Grief And Remembrance, 2 Years After Mass Shootings In El Paso And Dayton
Updated August 6, 2021 at 5:45 PM ET
On Aug. 4, 2019, Dion Green was spending the night out with his father, Derrick Fudge, in the historic Oregon District of Dayton, Ohio, when a 24-year-old man opened fire.
"When the shooter came out, me and my dad were standing side by side," Green recalls. He was not injured that night, but his father was, and died.
"When I thought my father only got shot once, it was really five times, and I don't understand how not one of them bullets did not touch me," he said. "And it's something I still play back over and over again: How did I not get shot? How did I not die?"
Thirteen hours earlier, on Aug. 3, 35-year-old Michelle Grady was at a Walmart in El Paso, Texas, when a 21-year-old gunman walked in and opened fire. Grady was shot three times and survived, but her father, Pastor Michael Grady, says that she's still recuperating.
"The emotional and psychological trauma still affects her. Some days are better than others because of the devastation that the bullets did," he says. "But she's strong and vibrant. And she may have to have another surgery, but we're praying that that will not be the case. But she's on a road to recovery still."
In total, the Dayton shooter murdered nine people — including Green's father — and injured 27. In El Paso, the shooter murdered 23 people and injured 26 more. According to data from the Gun Violence Archive, that weekend encapsulated just two of the 417 mass shootings in the U.S. in 2019.
Mass shootings leave survivors to ruminate and process the grief and trauma left in their wake.

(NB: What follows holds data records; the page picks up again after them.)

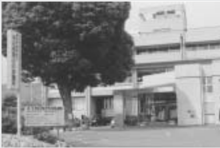
(平日夜間急病診療所)

ターを、合併で目指す中核市の新都市構想の一つとして、救急救命センターに併設しようとする構想である。
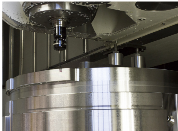
Компания Intoco использует измерительные системы компании Renishaw Intoco для измерения параметров крупногабаритных деталей в процессе их изготовления

«В настоящее время 50 % наших мощностей работают на сектор экструзии металлов, кроме того, мы производим детали для нефтегазовой промышленности, зеленой энергетики и фармацевтической отрасли, — говорит Ван Паркинс (Wayne Parkins), инженер-разработчик
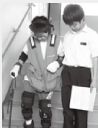
◀高齢者疑似体験の様子

今後、授業のなかで福祉体験を取り入れたいと考えている学校や地域がありましたら、お気軽にご相談下さい。
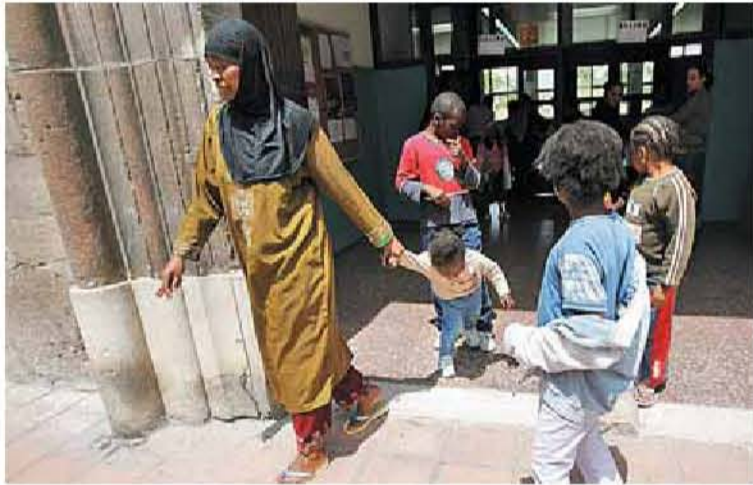
Alumnado inmigrante a la salida del colegio público Santo Domingo de Zaragoza.

nes no quieren cursar esta asignatura". Además, solicitaron que se retire la financiación pública a aquellos colegios que no respeten la "libertad de pensamiento". A esta propuesta se sumaron otras reivindicaciones como la distribución igualitaria del alumnado inmigrante en los centros escolares para evitar la formación de guetos.
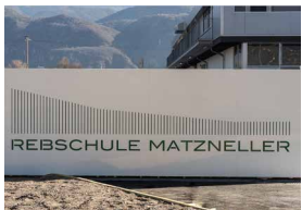
REBSCHULE MATZNER – KALTERN
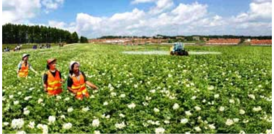
Perunantuotanto etenee Koreassa: Pohjoisessa sijaitseva Taehondagin maakunta tunnetaan KDKT:n perunalääninä.

Pitkäsen mukaan Amdun tila on Korean dkt:ssa hyvässä maineessa ja maan perunantukijat vierailevat siellä
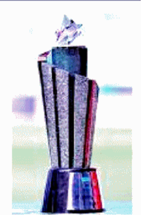
நிலையில், மீதமுள்ள 20 போட்டிகளும் எப்போது நடைபெறும் என்பதை விரைவில் அறிவிக்கவுள்ளது. (4-6)

தற்போது தொடரை நடத்துவதற்கான பணிகளை பாகிஸ்தான் கிரிக்கெட் சபை முன்னெடுத்து வருகின்ற
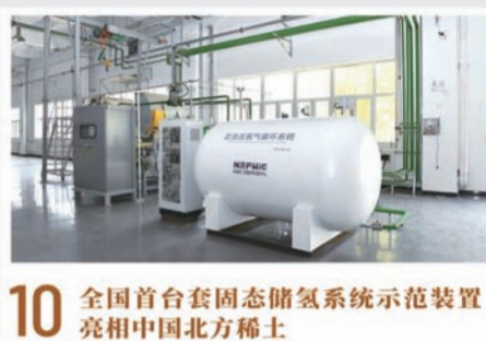
10 全国首套固态储氢系统示范装置亮相中国北方稀土

2023年6月15日,稀土新材料技术创新中心举行第一届理事会、专家咨询委员会成立大会。此次大会是稀土新材料技术创新中心建设工作的重要里程碑和关键性标志,是学习贯彻习近平总书记考察内蒙古重要指示重要讲话精神的重大举措,对于深化产学研研全面合作,集聚创新资源推进重大科研平台建设,提升稀土资源综合利用水平,推动我国稀土产业高质量发展具有重要意义。
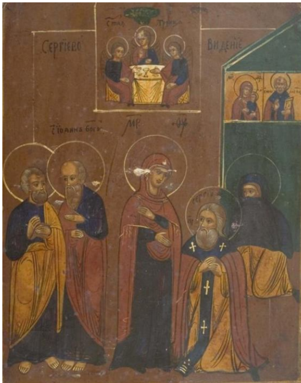
Ладонь Приснодевы опущена по направлению к коленопреклоненному Сергию. Икона XIX в. Номер в ГК: 25944914

Положение рук на анализируемом образце из Лувра исключает возможность непосредственного контакта — левая рука Богоматери значительно ниже рук Преподобного. Такую же (словно поднимающую — с ладонью вверх) жестикуляцию Приснодевы можно увидеть на некоторых иконах «Явления...» с коленопреклонным Сергием (см., например, номера в ГК: 25944914, 26503875, 25444162).

In the cases of both Green and Pastor Grady, taking action has been a salvation.
In the two years since his father's murder, Green has formed The Fudge Foundation, a non-profit named after his father and dedicated to helping those who have found their lives upended due to mass shootings, violence, human trafficking and domestic abuse.
"For him protecting my life that night and allowing me to continue living," he says, "that's what gives me the strength to do what I've been doing around the country and fighting and being the voice for the voiceless and honoring each and every one of these family members."
For Grady, the wounds that that Saturday inflicted on families in El Paso are still very fresh, and won't heal anytime soon.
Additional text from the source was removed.